Problem details:
An exact reproduction of the data below is expected, free of images.

Supplied material:
------------------------------------------------

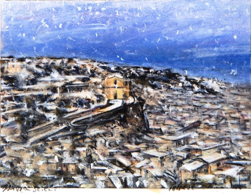 Presso il “Brancati”, inoltre, è aperta fino al 31 Gennaio (orario 17-20) la collettiva “CARTOLINE DA SCICLI”, 27 quadri di piccolo formato (cm. 18 X 13) che reinventano la visione di Scicli, regalando 27 affascinanti variazioni sul tema della cittadina barocca. Si parte dalle estrose invenzioni di Pinelli, Rinzivillo e Musso. Si continua con l’esuberanza primaverile di Barbante (“Barocco e fede”) e col gatto nel barocco di Mavie Cartia. Quindi la trasognata via Mormina Penna di Loredana Amenta e il San Bartolomeo visionario di Maria Guastella. Proseguiamo con “l’elegante preziosismo di Bracchitta, che alla monocromia del fondo azzurro accosta l’essenzialità d’un ramo in oro” (E. Mandarà). Poi la finissima “S. Maria la Nova” di Lissandrello, la Scicli immersa nel verde di Chessari, l’intenso notturno di D’Orazio. Candiano e Diara si dedicano a San Matteo, simbolo di Scicli. Giovanna Gennaro col d’après “Amore e guerra” rimanda finemente alla drammaticità dei nostri tempi. Polizzi rende immortale “la nevicata del 2014” (Mimì non c’entra…). Leopardiane “Le geometrie del cielo e del mare” di Sarnari. Esplodono i colori in Zuccaro (“Palazzo Spadaro”) e in Sacco (“Un pensiero cromatico da Scicli”). Ha una levità vermeeriana il mare di Colombo; sembra affiorare dalle acque la S. Bartolomeo di Ilde Barone; ben altre atmosfere spuntano in Di Quattro (“Paesaggio di Scicli”). Robustelli evidenzia espressionisticamente l’espressionismo dei mori del Beneventano, mentre Puglisi evidenzia la “luce e lutto” del S. Luigi della chiesa Madre. E Alessandra Scifo si sofferma su un puttino della stessa chiesa, dirimpetto alla quale si trova il palazzo Fava che la Rampanti anima col volo di una colomba. Salvo Barone e Messina si dedicano ai “Mulici”: il primo ai mori, il secondo alla statua della surreale Madonna a cavallo.
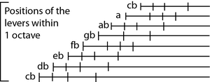 Stimmhebel: an der untersten und obersten Saite 1; an den restlichen 2, meistens 3.
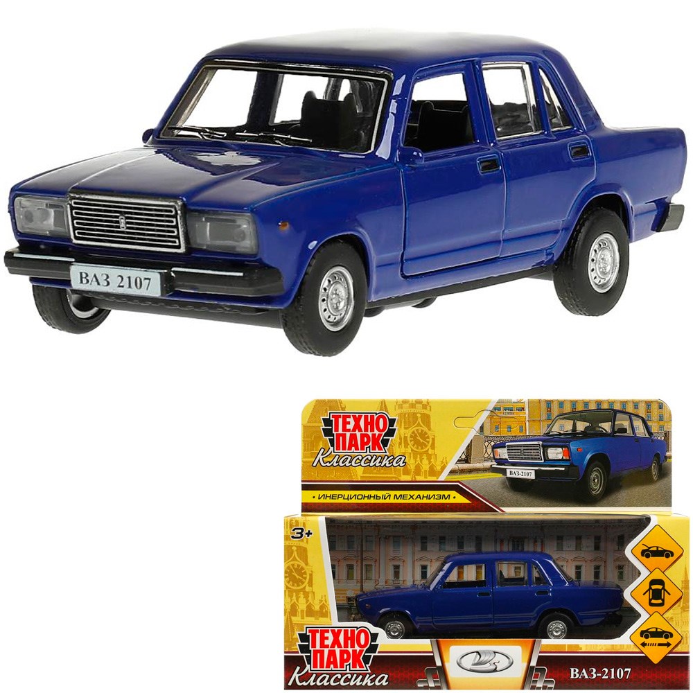 Модель 2107-12-BU1 ВАЗ-2107 длина 12 см, двери, багаж, инерц, темно-синий Технопарк

------------------------------------------------

Your response:
 Presso il “Brancati”, inoltre, è aperta fino al 31 Gennaio (orario 17-20) la collettiva “CARTOLINE DA SCICLI”, 27 quadri di piccolo formato (cm. 18 X 13) che reinventano la visione di Scicli, regalando 27 affascinanti variazioni sul tema della cittadina barocca. Si parte dalle estrose invenzioni di Pinelli, Rinzivillo e Musso. Si continua con l’esuberanza primaverile di Barbante (“Barocco e fede”) e col gatto nel barocco di Mavie Cartia. Quindi la trasognata via Mormina Penna di Loredana Amenta e il San Bartolomeo visionario di Maria Guastella. Proseguiamo con “l’elegante preziosismo di Bracchitta, che alla monocromia del fondo azzurro accosta l’essenzialità d’un ramo in oro” (E. Mandarà). Poi la finissima “S. Maria la Nova” di Lissandrello, la Scicli immersa nel verde di Chessari, l’intenso notturno di D’Orazio. Candiano e Diara si dedicano a San Matteo, simbolo di Scicli. Giovanna Gennaro col d’après “Amore e guerra” rimanda finemente alla drammaticità dei nostri tempi. Polizzi rende immortale “la nevicata del 2014” (Mimì non c’entra…). Leopardiane “Le geometrie del cielo e del mare” di Sarnari. Esplodono i colori in Zuccaro (“Palazzo Spadaro”) e in Sacco (“Un pensiero cromatico da Scicli”). Ha una levità vermeeriana il mare di Colombo; sembra affiorare dalle acque la S. Bartolomeo di Ilde Barone; ben altre atmosfere spuntano in Di Quattro (“Paesaggio di Scicli”). Robustelli evidenzia espressionisticamente l’espressionismo dei mori del Beneventano, mentre Puglisi evidenzia la “luce e lutto” del S. Luigi della chiesa Madre. E Alessandra Scifo si sofferma su un puttino della stessa chiesa, dirimpetto alla quale si trova il palazzo Fava che la Rampanti anima col volo di una colomba. Salvo Barone e Messina si dedicano ai “Mulici”: il primo ai mori, il secondo alla statua della surreale Madonna a cavallo.
 Stimmhebel: an der untersten und obersten Saite 1; an den restlichen 2, meistens 3.
 Модель 2107-12-BU1 ВАЗ-2107 длина 12 см, двери, багаж, инерц, темно-синий Технопарк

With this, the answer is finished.